On the other hand, when looking for the contributions of machine learning techniques in metaheuristic algorithms, two main lines of research can be distinguished. The first line of research corresponds to specific integrations. In these integrations, machine learning techniques are integrated through a specific operator in one of the modules that establish the metaheuristic. The second line of research explores general integrations, where the machine learning techniques work as a selector of different metaheuristic algorithms, therein choosing the most appropriate for each instance. A metaheuristic, in addition to its evolution mechanism, usually uses solution initiation operators, solution perturbation, population management, binarization, the tuning of parameters, and local search operators, among others. The specific integrations explore the machine learning application on some of these operators. For the case of parameter tuning in [56], the parameter tuning of a chess rating system was implemented. Based on decision trees and using fuzzy logic, a semiautomatic parameter tuning algorithm was designed in [57]. Another relevant area of research is related to the design of binary versions of algorithms that work naturally in continuous spaces. This line of research aims to apply these binary versions in combinatorial problems. In this area, we find in [2] the application of unsupervised learning techniques to perform the binarization process. In [29], the percentile concept was explored in the process of generating binary algorithms. Additionally, in [17], the big data Apache spark framework was applied to manage the size of the solution population to improve the convergence times and quality of results. The randomness mechanism is frequently used for the initialization of the solutions of a metaheuristic. However, machine learning has been used to improve the solution initialization stage. In [58], case-based reasoning was used to initialize a genetic algorithm and apply it to the weighted-circle design problem. Hopfield neural networks were used in [59] to initiate solutions of a genetic algorithm that was used to solve an economic dispatch problem.

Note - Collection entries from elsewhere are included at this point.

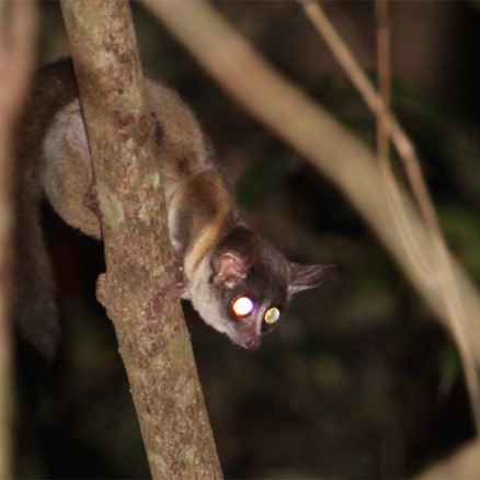 Taita mountain dwarf galago from Taita Hills Kenya 2019
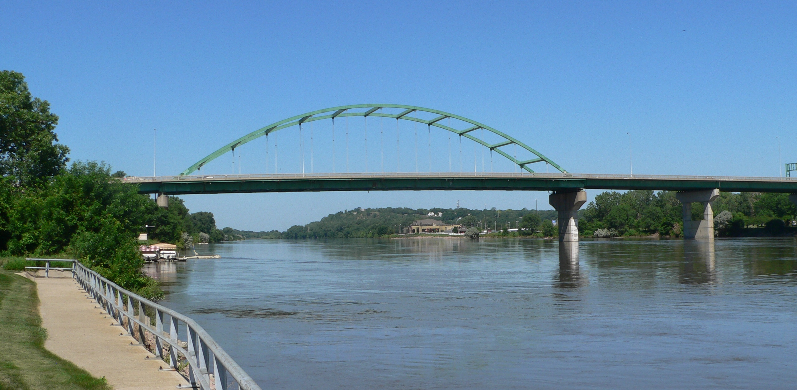 Siouxland Veterans Memorial Bridge, carrying U.S. Highway 77 across the Missouri River from South Sioux City, Nebraska to Sioux City, Iowa. The photo was taken from the Nebraska side, facing upstream.
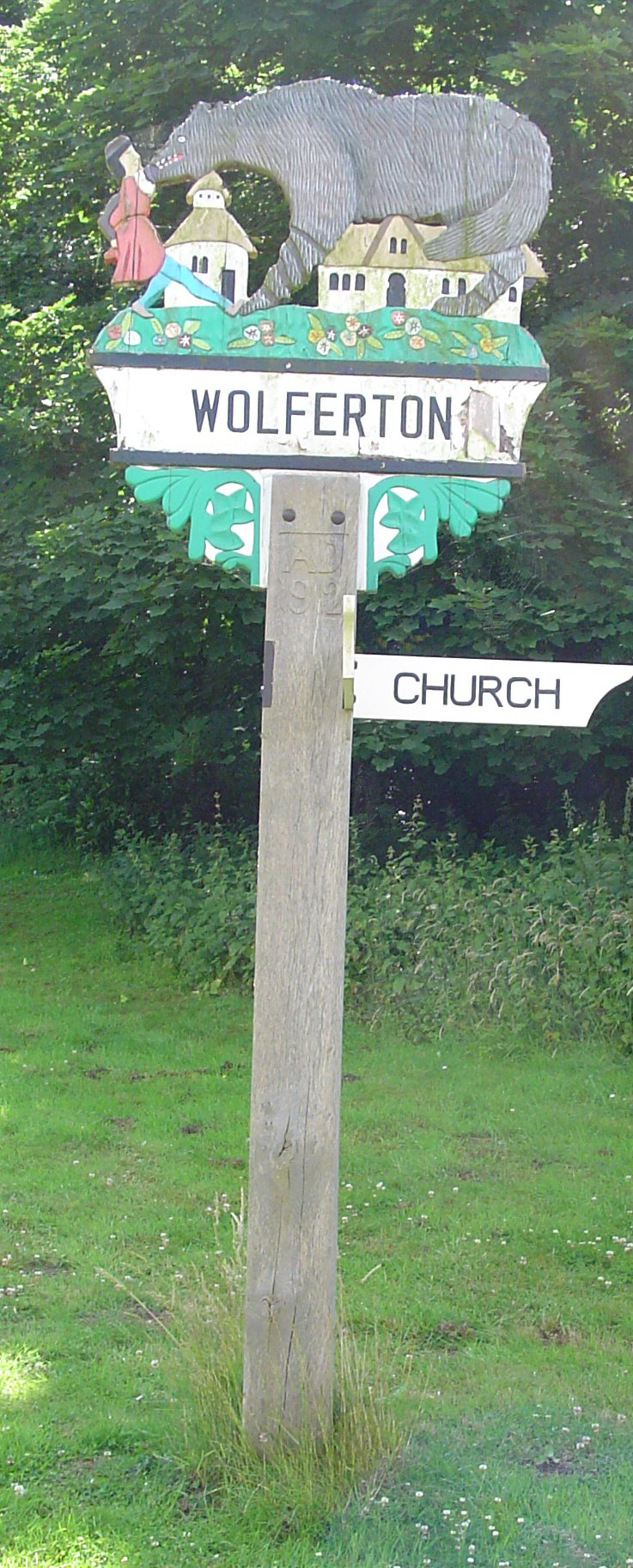 Signpost in Wolferton
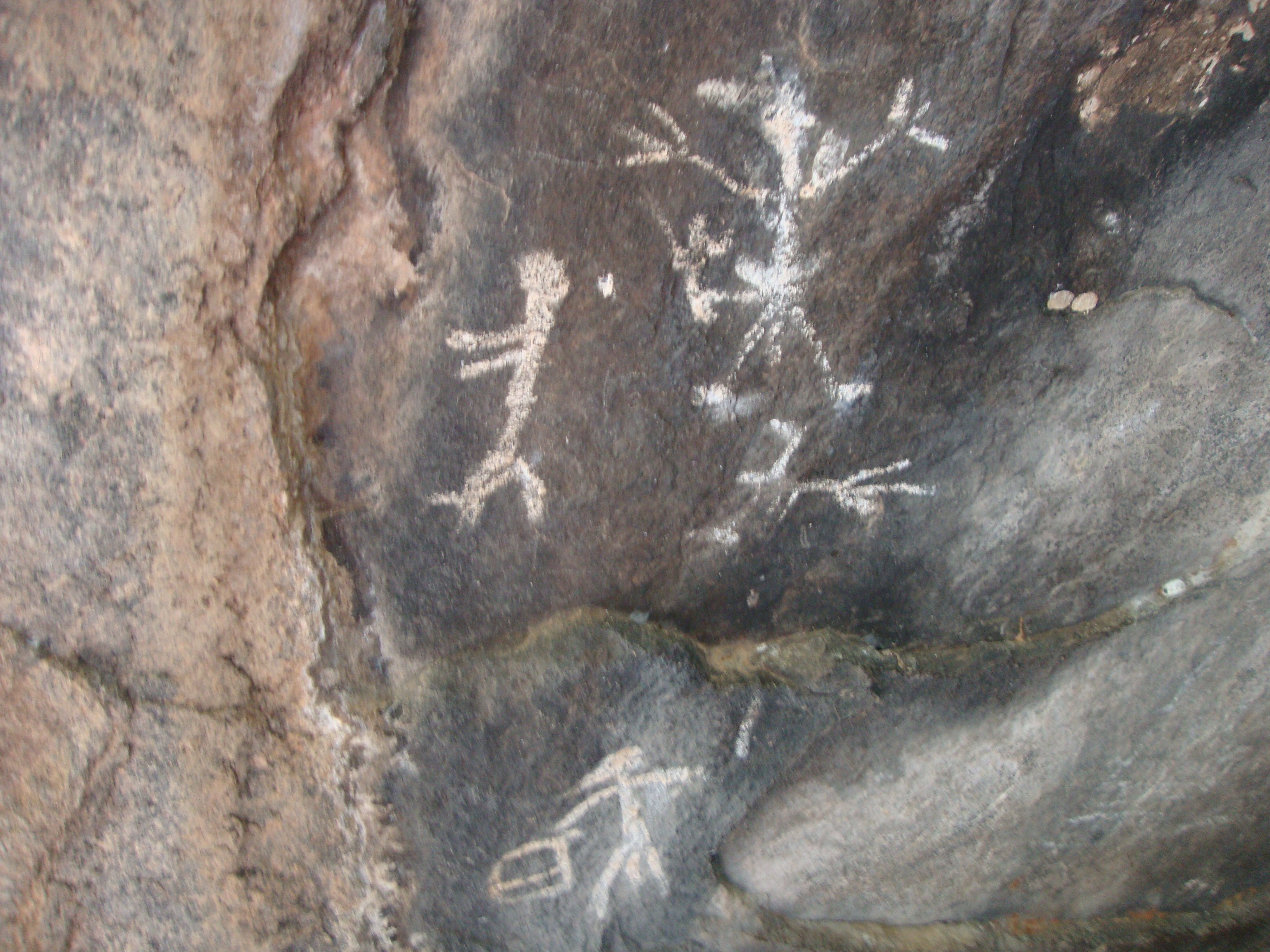 for nehanurpatti article
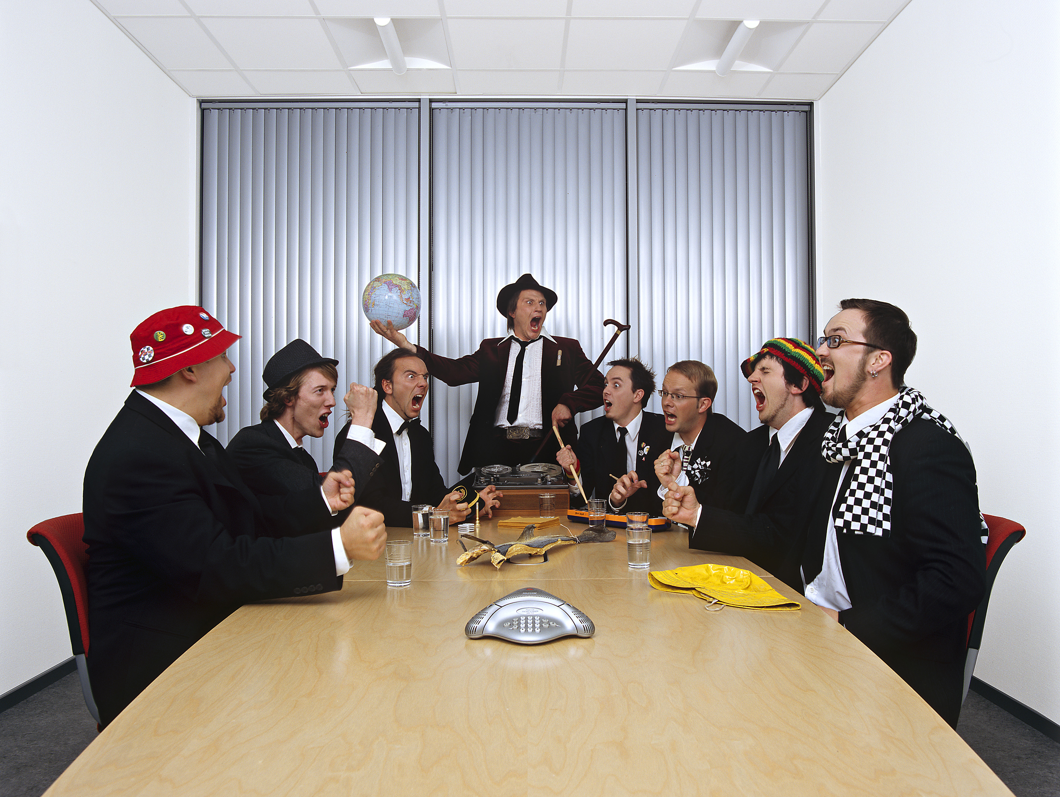 Ska Patrol Foto Bjørn Joachimsen
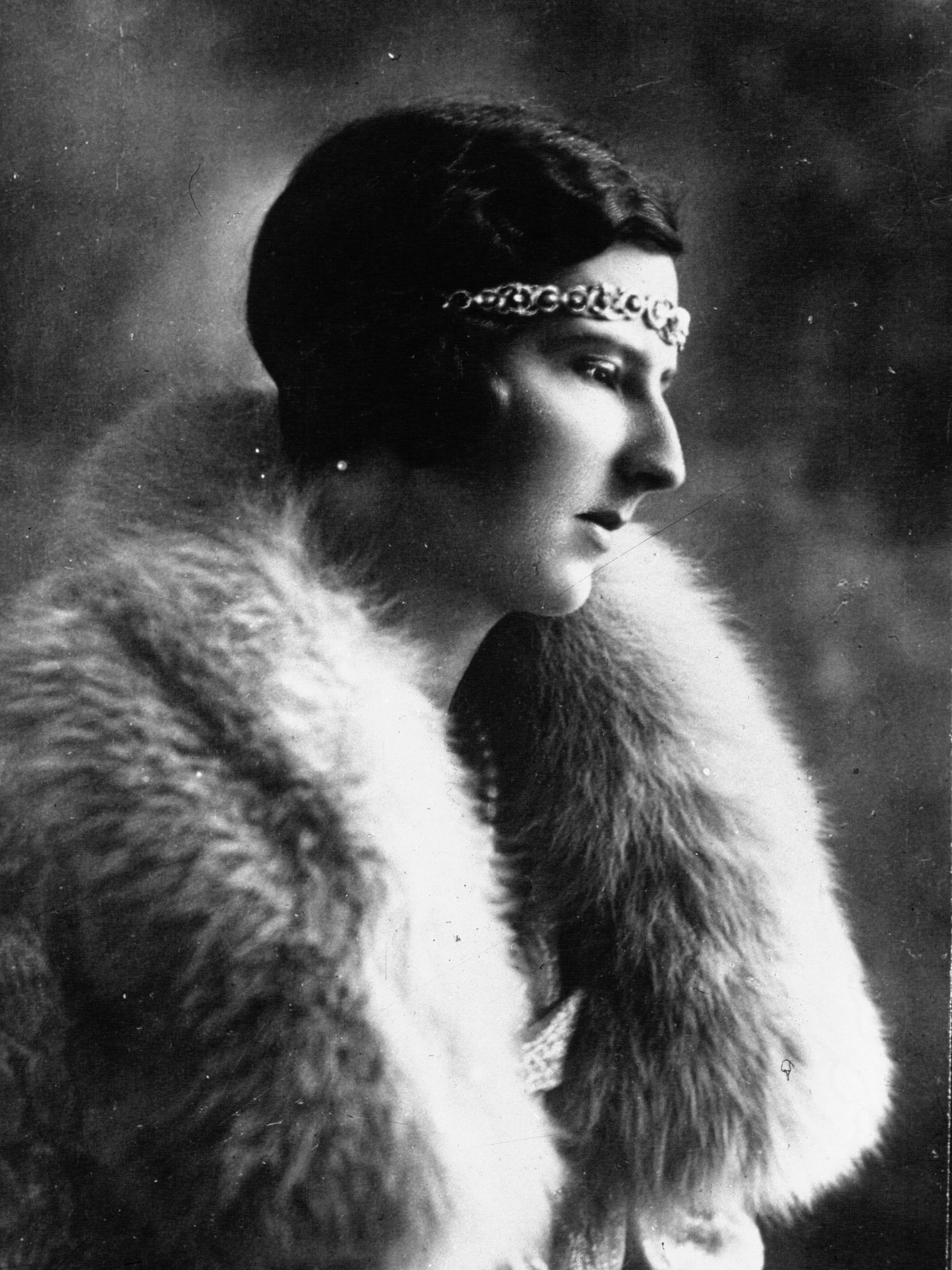 Giovanna of Italy, Tsaritsa of Bulgaria (1907-2000).
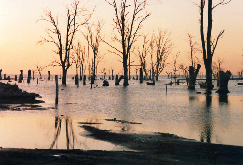 Mar Chiquita, Córdoba, Argentina after flooding.
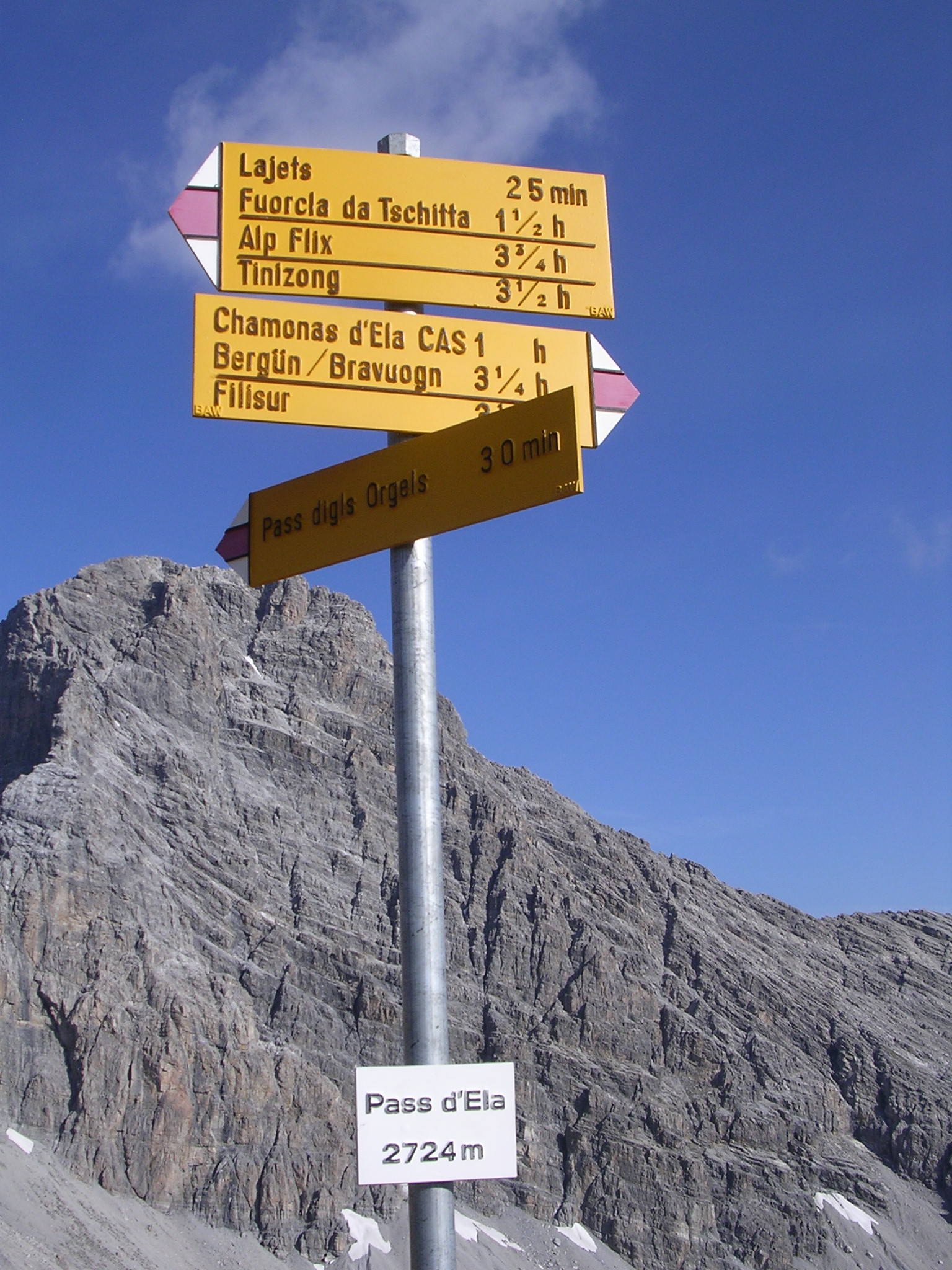 Fingerpost on Pass d’Ela (Surses/Filisur, Grison, Switzerland
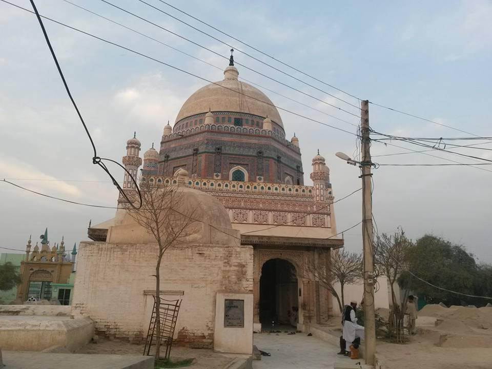 Shrine of Lal Esan This is a photo of a monument in Pakistan identified as the PB-P-150
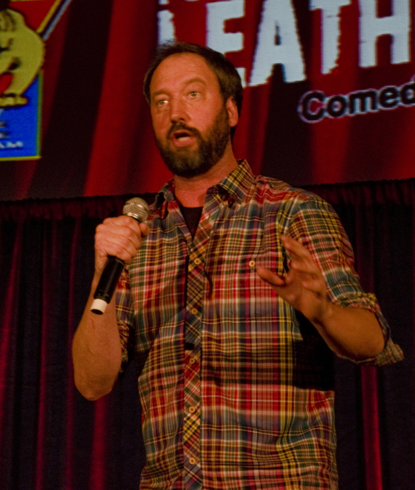 Comedian Tom Green performs stand-up comedy during “For the Leathernecks Comedy and Entertainment Tour III,” at the base theater, Dec. 3, 2013. Green, comedian Mike Epps, rapper Big Mike and performance group Purrfect Angelz, were featured in the tour, which is sponsored by the Single Marine Program at Headquarters Marine Corps. All active-duty service members aboard MCB Hawaii were welcome to watch the performance. (U.S. Marine Corps photo by Kristen Wong)
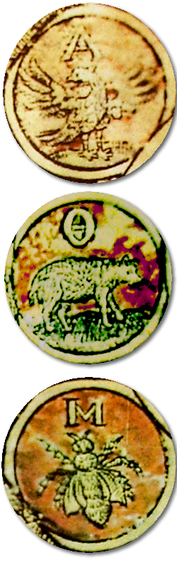 Roundels on Antim Monastery (Bucharest) frontispice: Argeş, Teleorman and Mehedinţi Counties
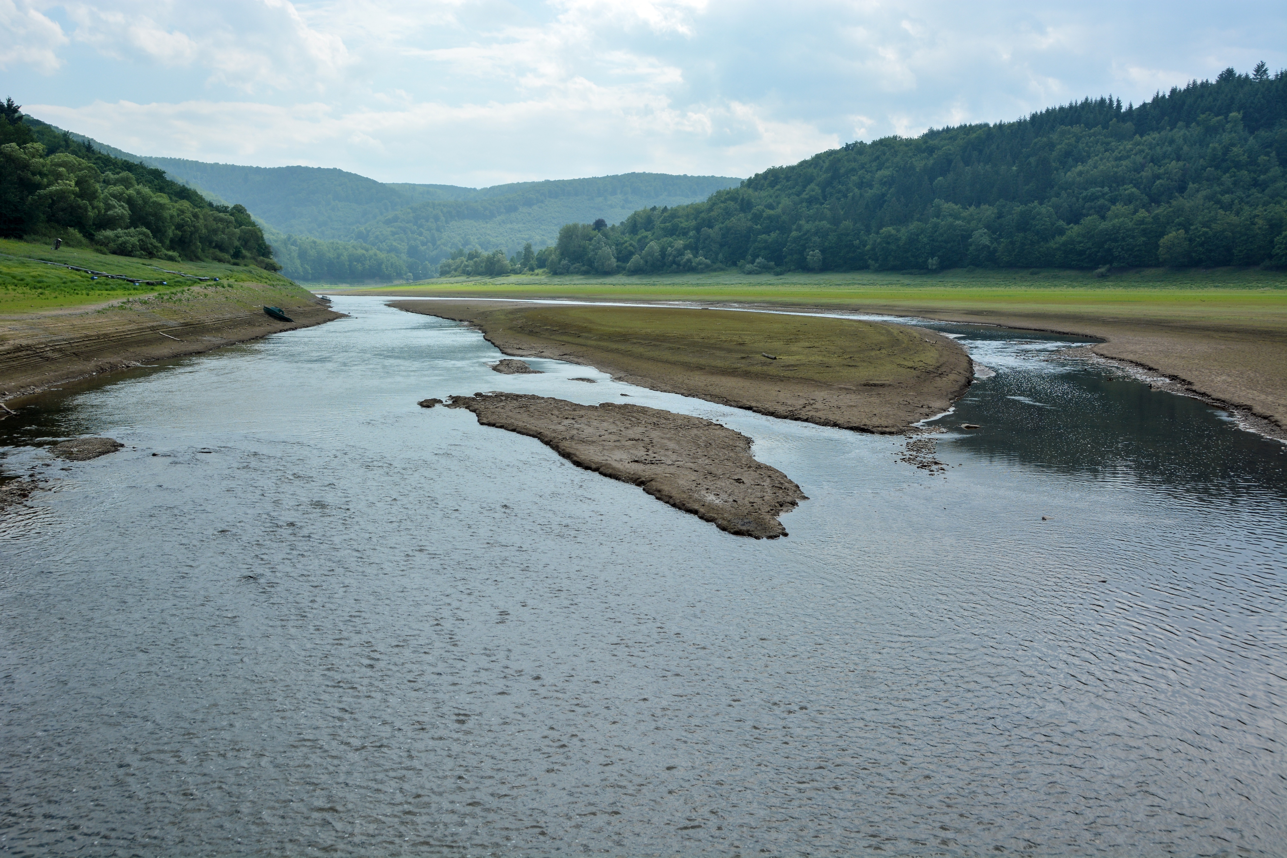 View from Bridge of Asel, inside Eder Lake, in Summer at low water level, onto the river Eder.

When analyzing the methods found in the literature addressing general integrations of machine learning algorithms on metaheuristics, we find three main groups: algorithm selection, hyperheuristics, and cooperative strategies. The objective of algorithm selection is to choose from a set of algorithms and a group of associated characteristics for each instance of the problem an algorithm that performs best for similar instances. In the hyperheuristics strategy, the goal is to automate the design of heuristics or metaheuristic methods to address a wide range of problems. Finally, cooperative strategies consist of combining algorithms in a parallel or sequential manner to obtain more robust methods. The cooperation can be completed by sharing the complete solution or partially when only part of the solution is shared. In [60], the berth scheduling problem at bulk terminals was addressed by algorithm selection techniques. The problem of nurse rostering through a tensor-based hyperheuristic algorithm was addressed in [61]. Finally, a distributed framework based on agents was proposed in [62]. In this case, each agent corresponds to a metaheuristic, and it has the ability to adapt through direct cooperation. This framework was applied to the problem of permutation flow stores.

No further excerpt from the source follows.